→ **Exercise details**: Would you restate, word for word, only the lines starting at the one with "with Milgrain Detailing" and ending with the final line of the entries below? Pictures stay out.

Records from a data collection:
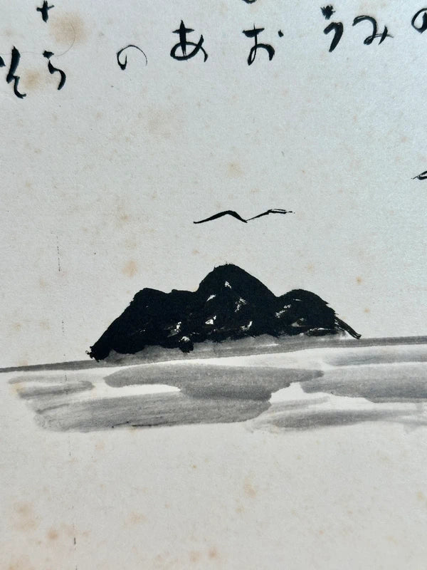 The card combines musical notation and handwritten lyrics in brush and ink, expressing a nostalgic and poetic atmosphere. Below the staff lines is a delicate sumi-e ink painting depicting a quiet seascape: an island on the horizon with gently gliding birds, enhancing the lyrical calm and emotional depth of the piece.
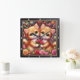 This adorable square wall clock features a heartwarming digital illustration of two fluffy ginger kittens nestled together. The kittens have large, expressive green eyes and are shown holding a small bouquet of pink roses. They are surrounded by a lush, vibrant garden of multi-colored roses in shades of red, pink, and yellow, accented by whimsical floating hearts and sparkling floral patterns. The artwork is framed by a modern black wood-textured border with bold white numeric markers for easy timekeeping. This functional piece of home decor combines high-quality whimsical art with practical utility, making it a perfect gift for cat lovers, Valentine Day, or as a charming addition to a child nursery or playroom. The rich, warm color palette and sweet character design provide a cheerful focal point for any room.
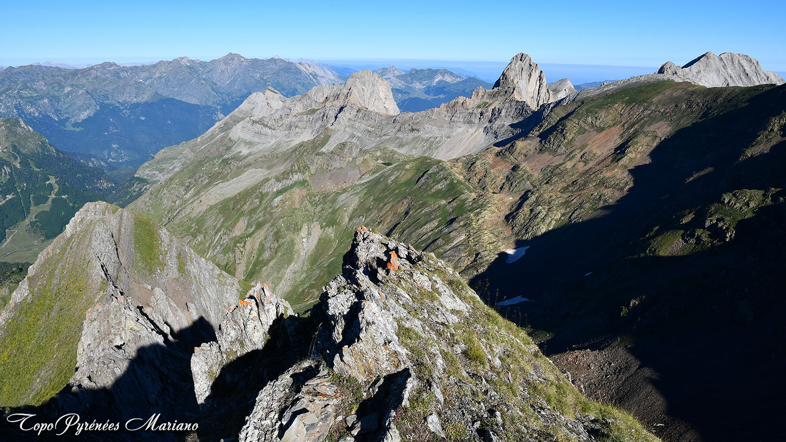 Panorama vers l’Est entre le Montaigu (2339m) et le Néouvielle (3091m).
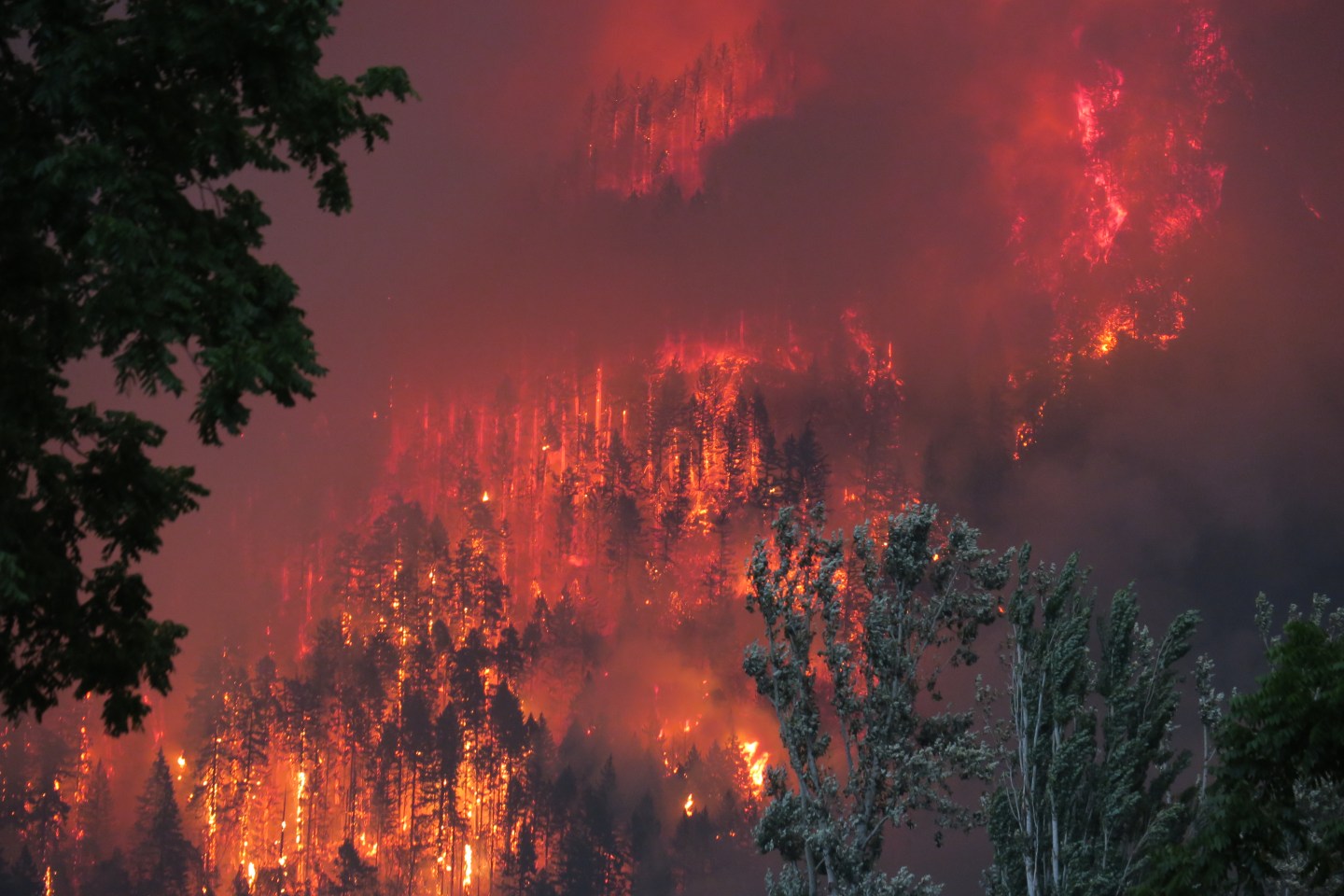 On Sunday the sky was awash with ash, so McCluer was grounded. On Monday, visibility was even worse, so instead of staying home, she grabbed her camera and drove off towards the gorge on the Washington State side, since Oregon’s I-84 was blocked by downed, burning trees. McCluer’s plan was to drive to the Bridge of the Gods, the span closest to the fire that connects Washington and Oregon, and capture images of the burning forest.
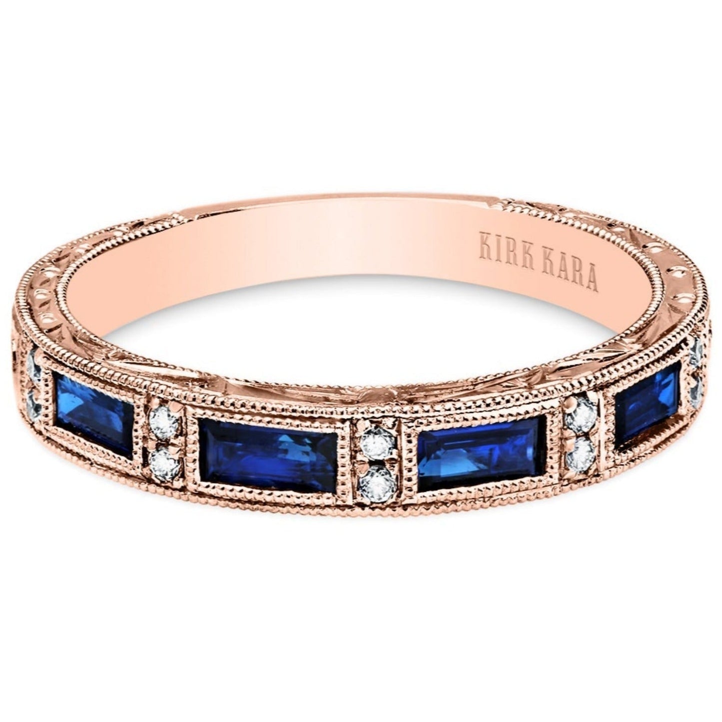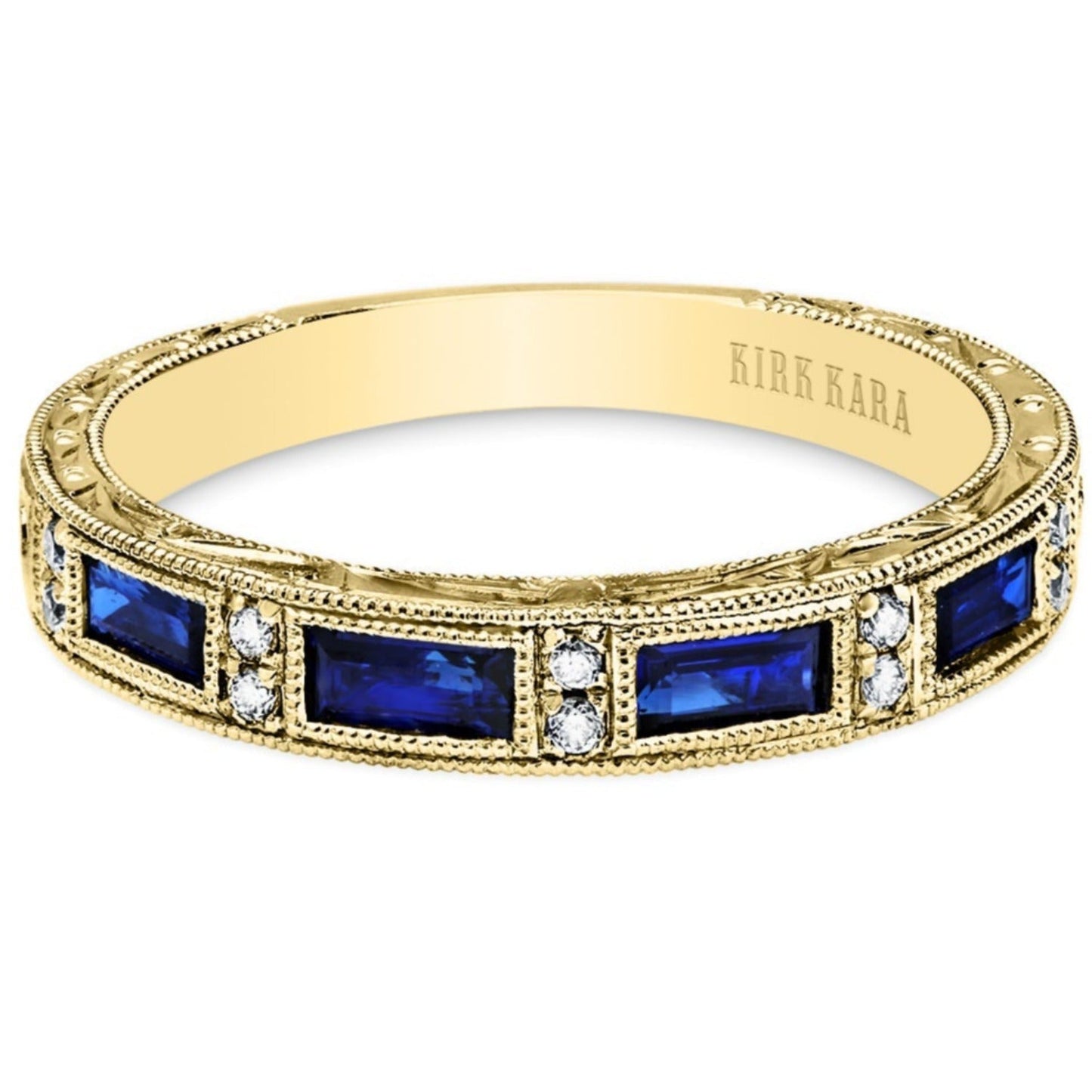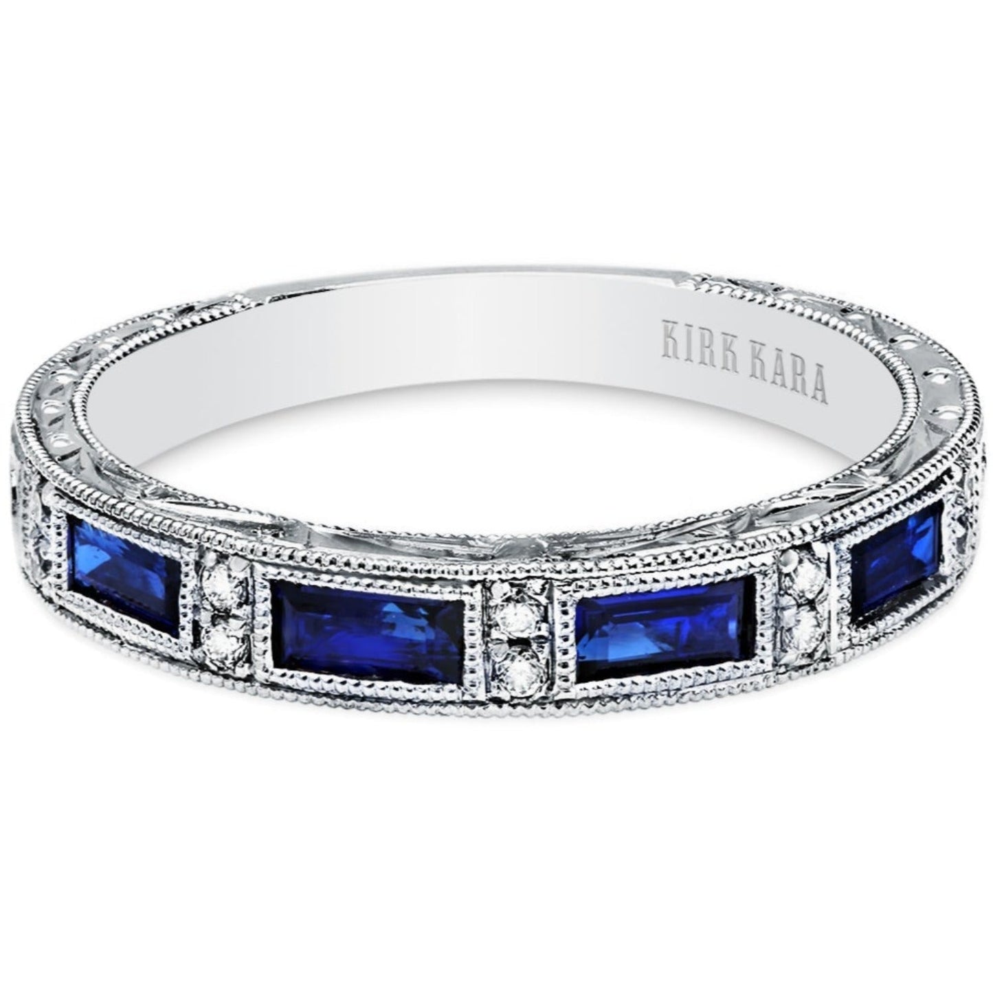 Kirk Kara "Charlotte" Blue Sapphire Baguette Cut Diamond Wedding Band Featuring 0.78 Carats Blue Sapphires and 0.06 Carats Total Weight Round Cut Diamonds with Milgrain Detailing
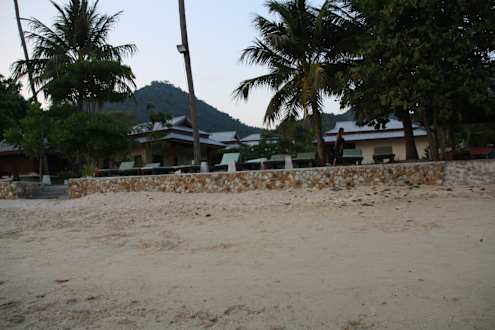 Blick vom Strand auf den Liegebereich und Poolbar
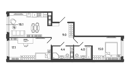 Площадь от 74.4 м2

→ **Written solution**:
 Kirk Kara "Charlotte" Blue Sapphire Baguette Cut Diamond Wedding Band Featuring 0.78 Carats Blue Sapphires and 0.06 Carats Total Weight Round Cut Diamonds with Milgrain Detailing
 Blick vom Strand auf den Liegebereich und Poolbar
 Площадь от 74.4 м2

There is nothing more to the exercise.